陸柔這次給溫妤診脈治療,恰逢溫妤隱隱轉醒的跡象,見她雅致側顏,不由雙頰上便漫上依賴的笑意。
“陸大夫,你來啦?”
陸柔訝異她這麽虛弱的時候竟然還能認出她來,伸手以手背試了試她的額頭,心頭也鬆了一口氣,暫停了手上的針,與她道。
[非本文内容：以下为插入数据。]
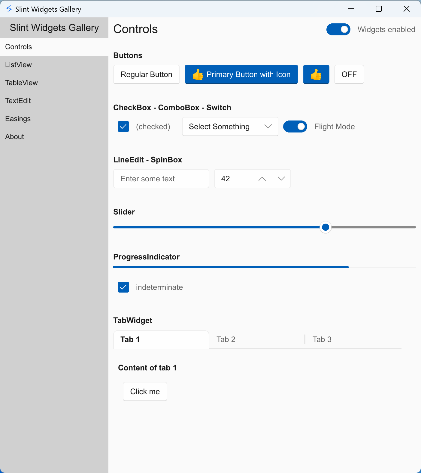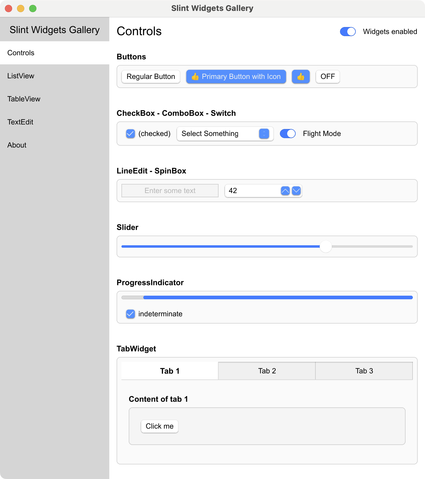 Our default styles have been changed to provide a more authentic Windows and macOS interface. The Fluent design system is used in modern Windows applications, while the Cupertino style mirrors the look and feel of macOS applications. Both styles are implemented in pure Slint code.
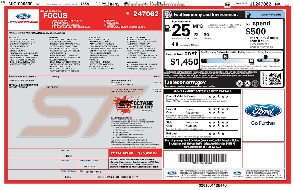 Don't miss your chance to experience the ultimate in hot hatch performance. Visit our showroom today and let us put you behind the wheel of this remarkable 2018 Ford Focus ST. We're confident you'll be impressed by its capabilities and eager to take it home.
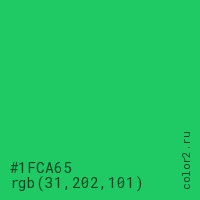 Цвет #1FCA65 в цветовой модели RGB обозначается тремя октетами (31, 202, 101) в десятичном формате и #1FCA65 в шестнадцатиричном (hex) формате, которые являются интенсивностью красного 31 (hex 1F), интенсивность зелёного 202 (hex CA) и интенсивность синего 101 (hex 65).
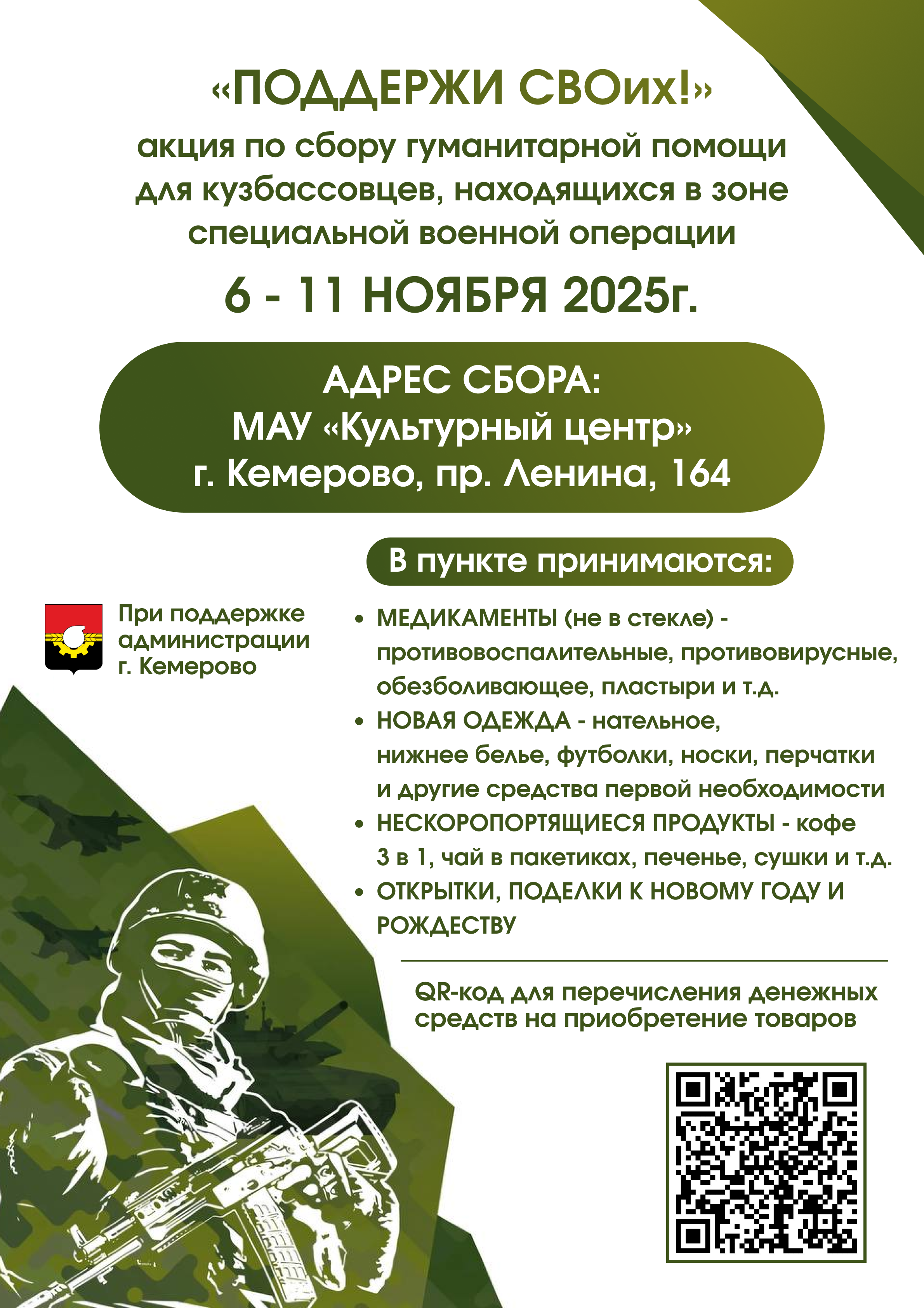 Акция «Поддержи СВОих!» С 6 по 11 ноября 2025 года (с 09:00 до 21:00 час.) в МАУ «Культурный центр» (г. Кемерово, пр. Ленина, 164) пройдет акция по сбору гуманитарной помощи для...
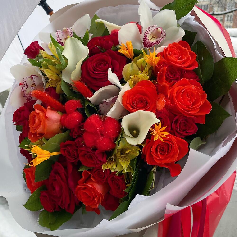 Роза Россия – 12 шт.Кустовая роза красная – 9 шт.орхидея белая цимбидиум – 4 шт.Калла белая – 3 шт.Альстромерия – 6 шт.Хлопок натуральный – 3 шт.Салал пучок – 1 шт.Тишью белое – 6 шт.Пленка матовая – 8 шт.
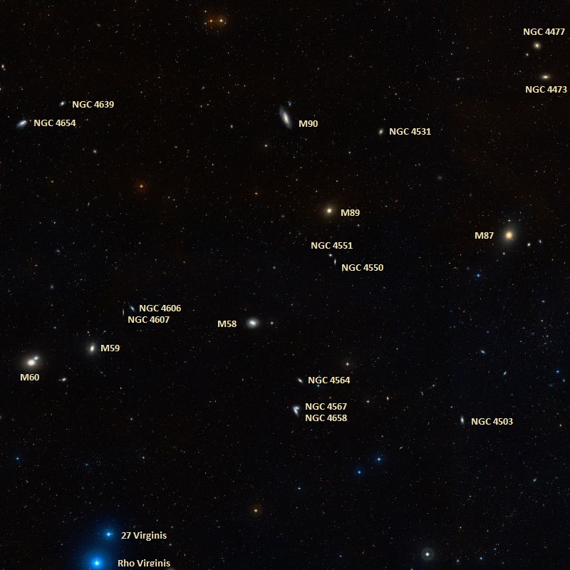 At a little brighter than magnitude 9, this galaxy could be spotted with binoculars, but stick with your telescope. In the same low power field (depending on aperture size) you may also note faint NGC 4647 which only appears to be interacting with M60. Also in the field to the west (the direction of drift) is our next Messier, bright cored elliptical M59. Now we will need to continue about an average eyepiece field of view, or a degree further west of this group to bring you to our "galactic twin", fainter M58.
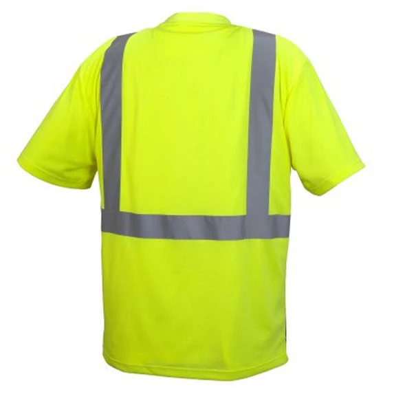 - Hi-Vis lightweight polyester moisture wicking t-shirt with black bottom.
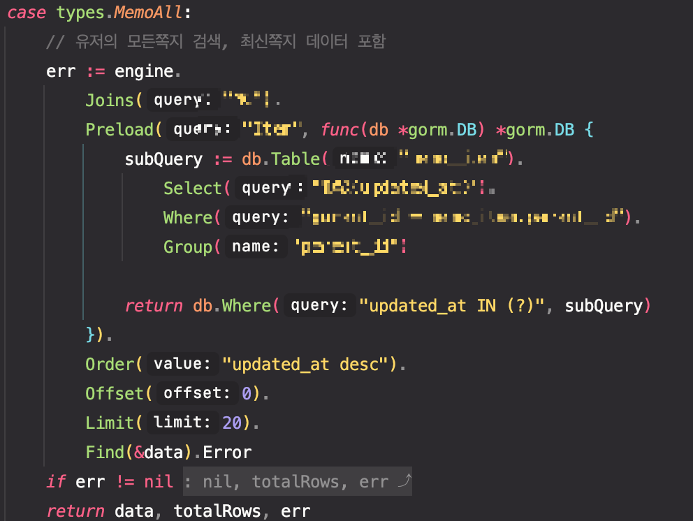 생각보다 코드가 명확해서 읽는 사람도 편하다 다만 서브쿼리의 경우 위에 보이는 것처럼 스트링으로 처리하기 때문에 오타가 나면 생각보다 찾기 어려우니 주의하자.

“你很虛弱,可是很快就會好,所以不用急著強迫自己清醒。”
溫妤笑的有些飄忽,卻還是點了頭。
“我明白,就是想見一見陸大夫,總感覺,與陸大夫,有一種久別重逢的感覺,可……卻實在想不起,究竟是在哪裏見過的,這記性,真不好。”
她說完就又飄飄忽忽睡去了,所以也不知,她這輕飄飄的幾句話,讓陸柔手上的針遲鈍了幾分。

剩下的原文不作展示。